By habit, once a decision is made, a brain will continue cooking up more reasons why this action was valid.
"Should I wait for an opening in traffic and turn left or turn right now and come back this direction later?"
You decide to turn right. As it is, you see a friend driving his car and you both wave, thinking, "awesome, it's Matt! I love that guy. I'm glad I went this way." Soon thereafter, you see a dog crossing the road and slow down to let it cross, thinking, "someone else would have hit this dog! Good thing I turned right!"
Turning right had nothing to do with either of these events, unless Matt tends to frequent a particular strip of road where dogs like to cross.
By habit, your thought process works to justify its former decisions. Could you have possibly known these things earlier? No. Did they have anything to do with your decision-making process? No. Are you backwards-rationalizing? Yes.
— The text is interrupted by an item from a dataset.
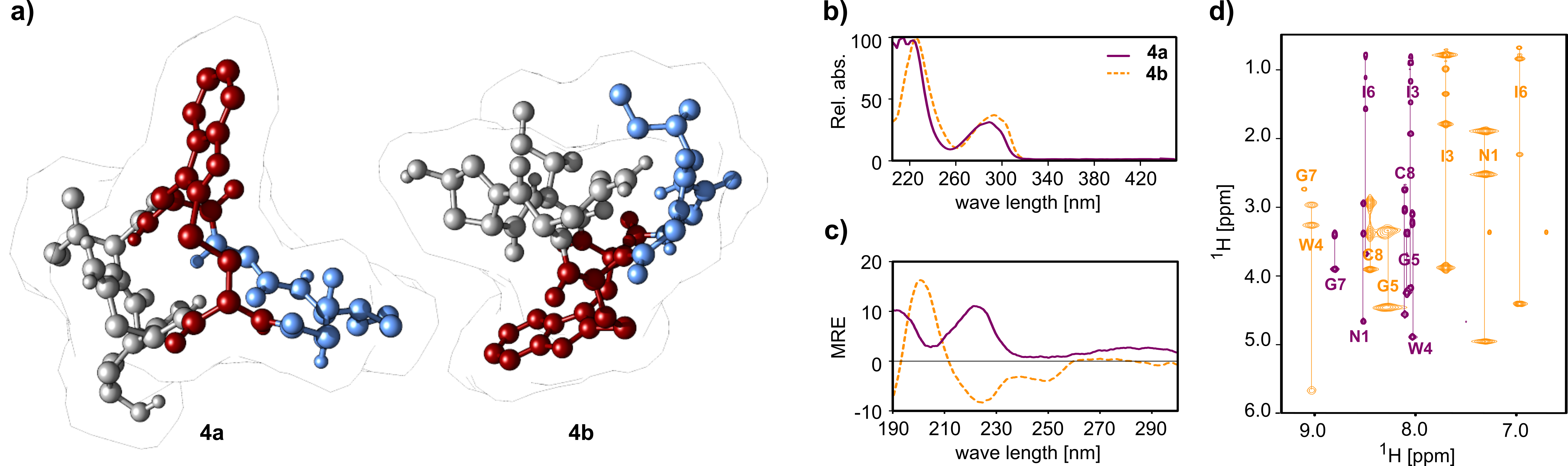 We used Ile3-S-deoxo-amaninamide (amanullin) as a simplified model system to screen for optimal macrolactamization sites employing HATU or EDC/HOAt as coupling reagents. In several of our syntheses, we obtained two products (4a and 4b) with identical molecular mass. This triggered an in-depth analytical investigation by Marfey amino acid analytics, X-ray crystallography, NMR and CD spectroscopy which clearly confirmed the presence of two different configurational isomers and we were able to exclude epimerization of amino acids (Figure 2). Moreover, we were able to show that not only is the location of the tryptathionine bridge inverted but the overall conformation of 4a and 4b is drastically different from each other. MD simulations of 4a and 4b and a monocyclic precursor 3b showed that the pre-organization of the intermediate plays a key role for the isomer formation.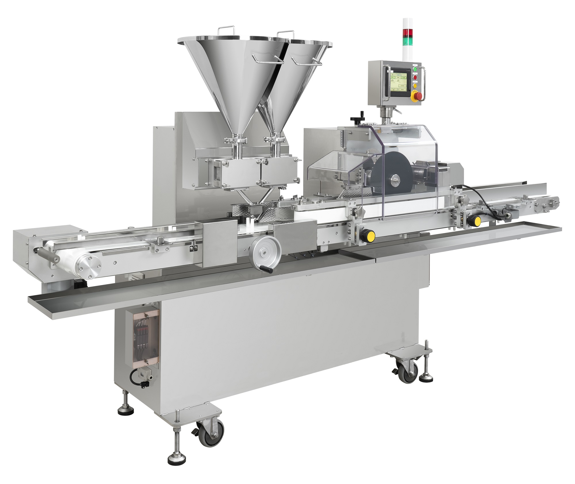 이 자동화 장치는 롤빵과 코페빵을 등분할 또는 배분할 방식으로 정확하게 절단하고, 2개의 충전부를 통해 2가지 종류의 필링을 동시에 충전할 수 있습니다. 충전 노즐을 교체하면 상하 2색, 좌우 2색, 전후 2색 충전도 가능하여 다양한 색상과 맛의 빵을 생산할 수 있습니다. 또한, 제품 사이드 이송 컨베이어 장치를 사용하여 안정적인 제품 생산을 보장하며, 계란 필링과 같이 고형물이 포함된 필링도 문제없이 충전할 수 있습니다. 빵의 크기에 맞춰 기계를 맞춤형으로 설계할 수 있어 최적의 생산 환경을 구축할 수 있습니다.

So what? What's wrong with saying I did a good job?
You want to make good choices in life. A good choice is one made on all the available facts. If you turned left and wound up getting into an accident, you might think to yourself, "Damnit. I should have turned right. Why did I have to turn left? I usually turn right, there must be something wrong with me today."
Front-load your decision making process. Put that extra effort into making the right decision, then make it, and live freely with the consequences. You can spend five minutes justifying your decision to yourself after the fact, or you can spend five minutes doing whatever the you want to do.
Personally, I like looking out the window and watching the trees blow in the wind.